The consensus secondary structure for an Rfam family can be retrieved, together with its consensus sequence, with the “rfamConsensusSecondaryStructure” function. RNA Secondary structure notation can be output in the WUSS or extended Dot-Bracket notations. In the example below, the consensus secondary structure of the Rfam family with accession RF00174 is retrieved in both notations, and saved to a file with the extended Dot-Bracket notation.
rfamConsensusSecondaryStructure("RF00174", format = "WUSS")
## [1] "uuaaauugaaacgaugauGGUu..ccccuuu......................aaagu....gaaggguu......AAaa..GGGAA.c.cc.G.G.UGa...............................aAaUCCgg.gGCuGcCC.CC.gCaACuGUAA..gc.Gg..........agagcaccccccAauAa............................GCCACUggcccgcaa..........................................................ggg.ccGGGAAGGC...ggg..g.gg..aaggaaugac..................................................................cCgc.gAGcCaGGAGACCuGCCaucaguuuuugaaucucc"
## [2] ":::::::::::::::[[[[[[,..<<<____......................_____....___>>>,,......,,,(..((,,,.<.<<.<.<.___...............................____>>>>.>,,<<<__.__.>>>,<<<---..<<.<<..........------<<<<<<-----............................<<<-<<<<<<_____.........................................................._>>.>>>>--->>>...>>>..>.>>..----------..................................................................>>>>.---->>>,,,,)))]]]]]]:::::::::::::::"

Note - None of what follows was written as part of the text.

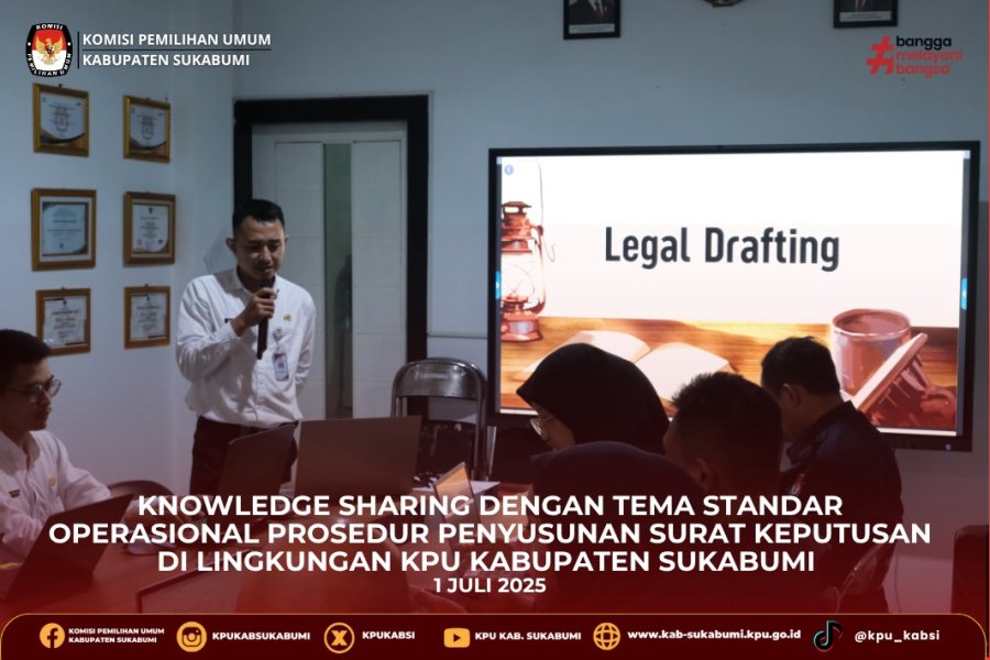 Sukabumi, 2 Juli 2025 – Komisi Pemilihan Umum (KPU) Kabupaten Sukabumi menyelenggarakan kegiatan Knowledge Sharing dengan tema “Standar Operasional Prosedur (SOP) Penyusunan Surat Keputusan di Lingkungan KPU Kabupaten Sukabumi”, bertempat di Ruang Rapat Internal KPU.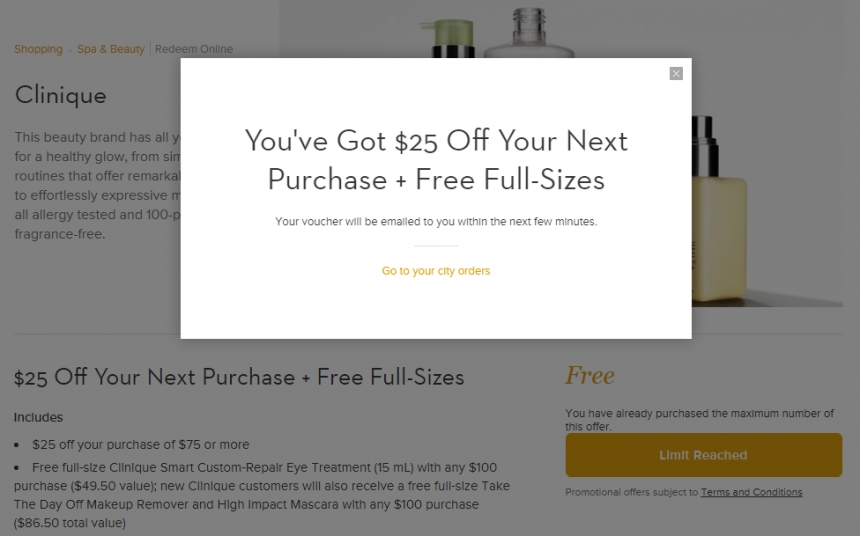 Gilt City 又有新的神券啦,现在只要注册就可以免费领取 Clinique 倩碧 官网满$75减$25的优惠券,相当于变相6.7折,订单满$100送智慧锁定修护眼部精华正装15ml(价值$49.5),新用户还加赠正装眼唇卸妆液125ml(价值$19)+ 高感光眩目睫毛膏(价值$18),相当于变相7.5折加送3件正装!这次赠品比之前送小样给力太多了,优惠券数量有限先到先得,毕竟免费领券,建议看到的先领一张再说~

rfamConsensusSecondaryStructure("RF00174", format = "DB")
## [1] "uuaaauugaaacgaugauGGUu..ccccuuu......................aaagu....gaaggguu......AAaa..GGGAA.c.cc.G.G.UGa...............................aAaUCCgg.gGCuGcCC.CC.gCaACuGUAA..gc.Gg..........agagcaccccccAauAa............................GCCACUggcccgcaa..........................................................ggg.ccGGGAAGGC...ggg..g.gg..aaggaaugac..................................................................cCgc.gAGcCaGGAGACCuGCCaucaguuuuugaaucucc"
## [2] "...............[[[[[[...<<<......................................>>>...........(..((....<.<<.<.<.......................................>>>>.>..<<<......>>>.<<<.....<<.<<................<<<<<<.................................<<<.<<<<<<................................................................>>.>>>>...>>>...>>>..>.>>..............................................................................>>>>.....>>>....)))]]]]]]..............."
rfamConsensusSecondaryStructure("RF00174", filename = "RF00174secondaryStructure.txt",
format = "DB")
## [1] "uuaaauugaaacgaugauGGUu..ccccuuu......................aaagu....gaaggguu......AAaa..GGGAA.c.cc.G.G.UGa...............................aAaUCCgg.gGCuGcCC.CC.gCaACuGUAA..gc.Gg..........agagcaccccccAauAa............................GCCACUggcccgcaa..........................................................ggg.ccGGGAAGGC...ggg..g.gg..aaggaaugac..................................................................cCgc.gAGcCaGGAGACCuGCCaucaguuuuugaaucucc"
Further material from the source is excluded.